Wednesday 1st August 2012
quotequote all
Well since the 'reboot' it's no longer complaining about airbags / temperature warnings / oil levels so i can only assume this has untwisted its knickers.

UncFester

Original Poster:

25 posts

200 months

Wednesday 1st August 2012
quotequote all
Old one out - new one in - 45 minutes dead. End result is a car that doesn't drain the battery DEAD whilst cranking slower and slower until stopping after 2 attempts. Put the old broken battery in and it gave a nice steady effort at starting but just not quite enough current left in it to start.

100% confident that when the new ( now recharging ) battery goes back in it will fire into life beautifully and reliably.

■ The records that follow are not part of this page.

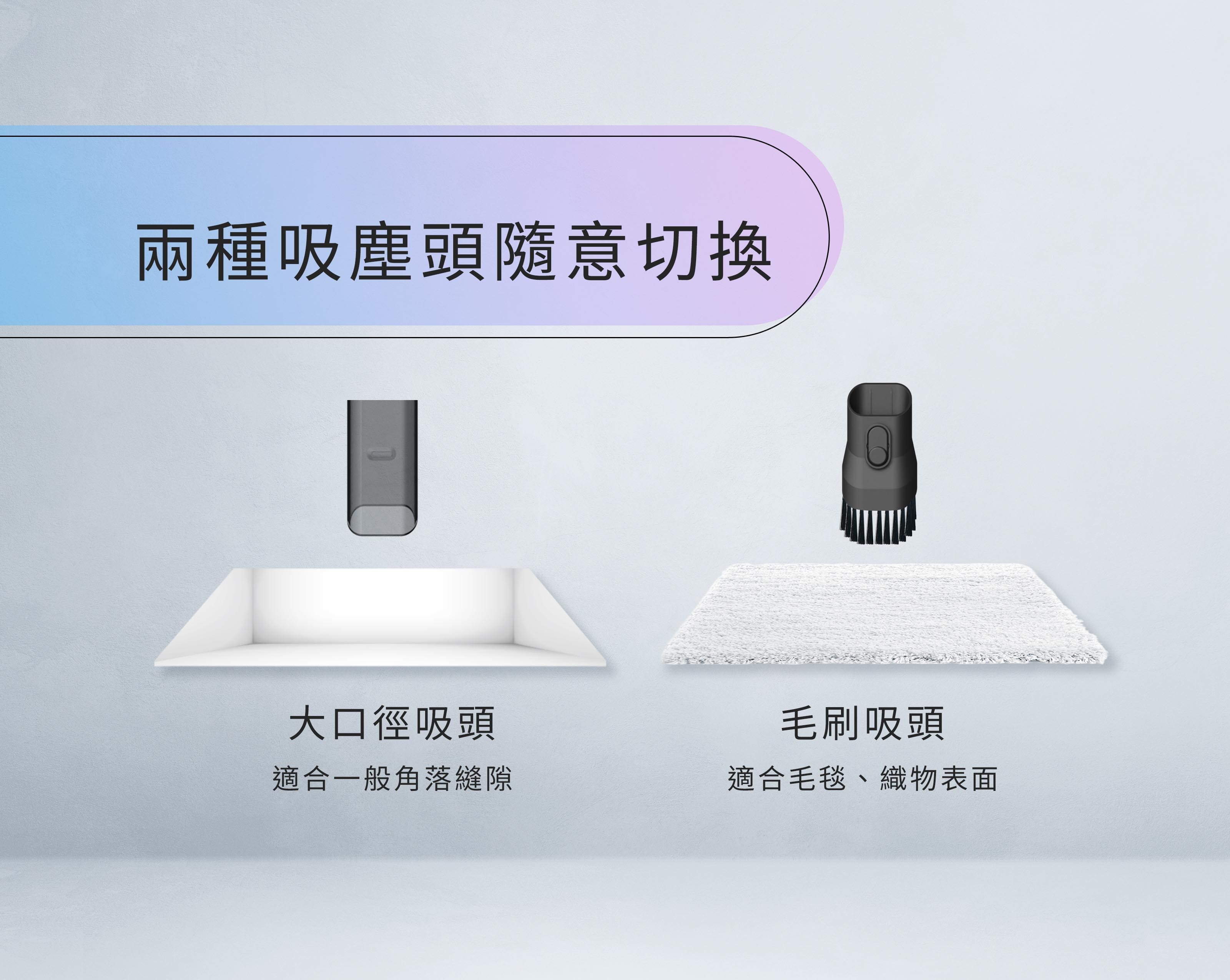 大口徑吸頭,大範圍清潔更快速;毛刷吸頭吸附玻璃表面、毛毯卡塵,小細節蒐集縫隙灰塵,車內家用都適用。高效吸入微塵,不易產生揚塵,避免二次汙染!
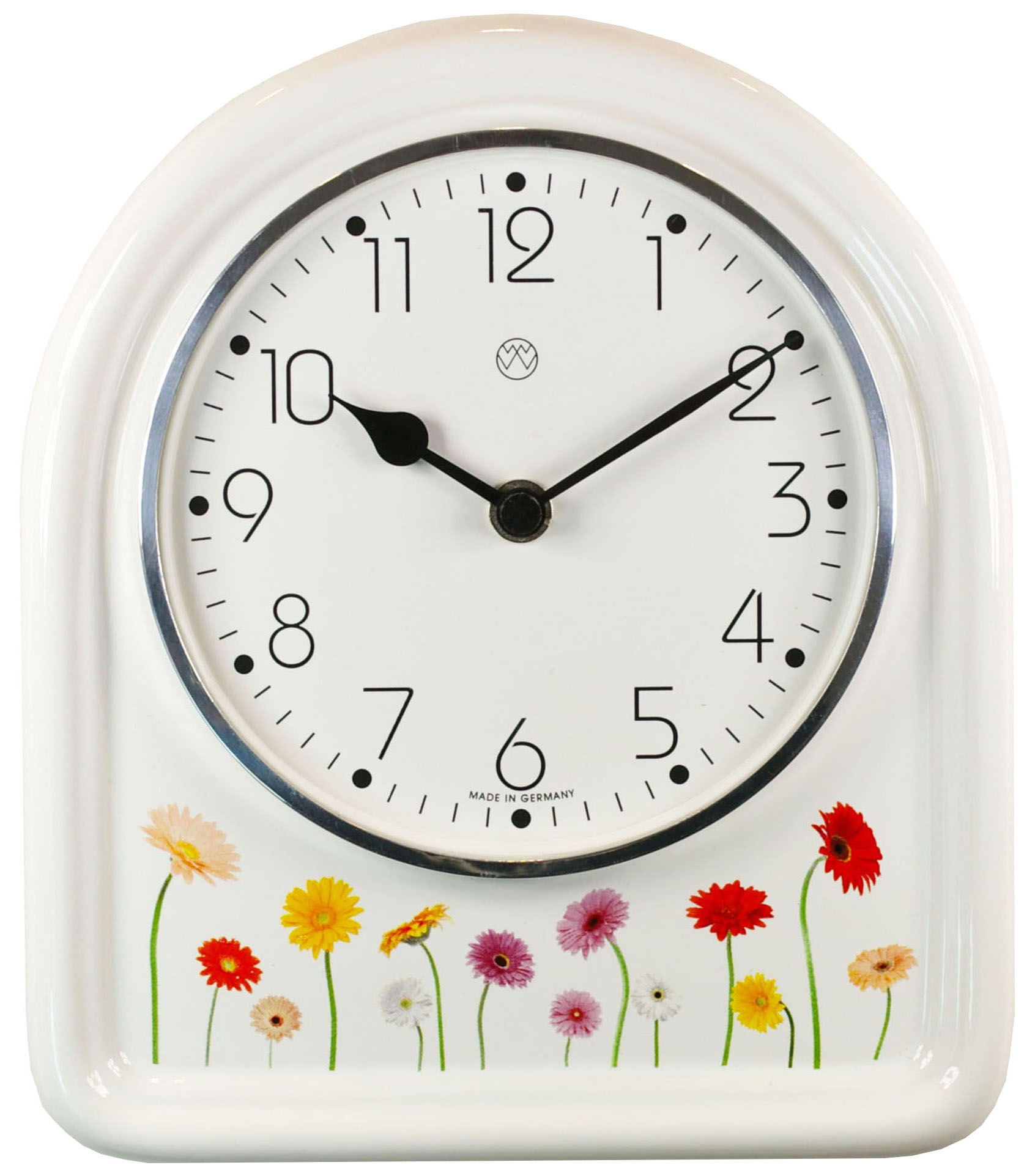 Quarz-Küchenuhr, weißes Keramik-Gehäuse, Dekoration Handarbeit, Aluglasring, Mineralglas, Dekor / Gerbera, Quarzwerk, schwarze Herzzeiger.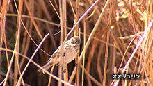 冬鳥のオオジュリンが器用に葦につかまり越冬する虫たちを食べています。

The owner of it lent me her hands for the duration of the job and it really does make it a MASSIVE amount easier.

1 Remove the battery.
2 Remove and unclip the various cables from the battery tray and remove it.
3 Unbolt the throttle linkage from the side of the airbox and remove the airbox.
4. Lift the diesel filter up and out of the way with pipes attached.
5. Unbolt the two starter wires from the starter motor.
6. Unbolt the 3 big allen head bolts holding the starter in - the bottom one is a PIG as the clutch cable and bracket are in the way.
7. Slide starter back (left) , then angle it face( pinion) out towards the radiator. Rotate it as needed and then slide it up the back of the radiator and out past the scuttle.

Refit IS a straight forward reversal of the above. No need to be under the car and despite what various google searches suggested - really not that bad a job to do.

Quite a bit later and quite a few restarts and all is well. Duff starter motor. Fully charged battery and it kicks into life like a goodun. Even with mainbeam, dipped beam, A/C and fan at speed 4 - 2 turns of the starter and it's alive. £23 well spent on a second hand starter.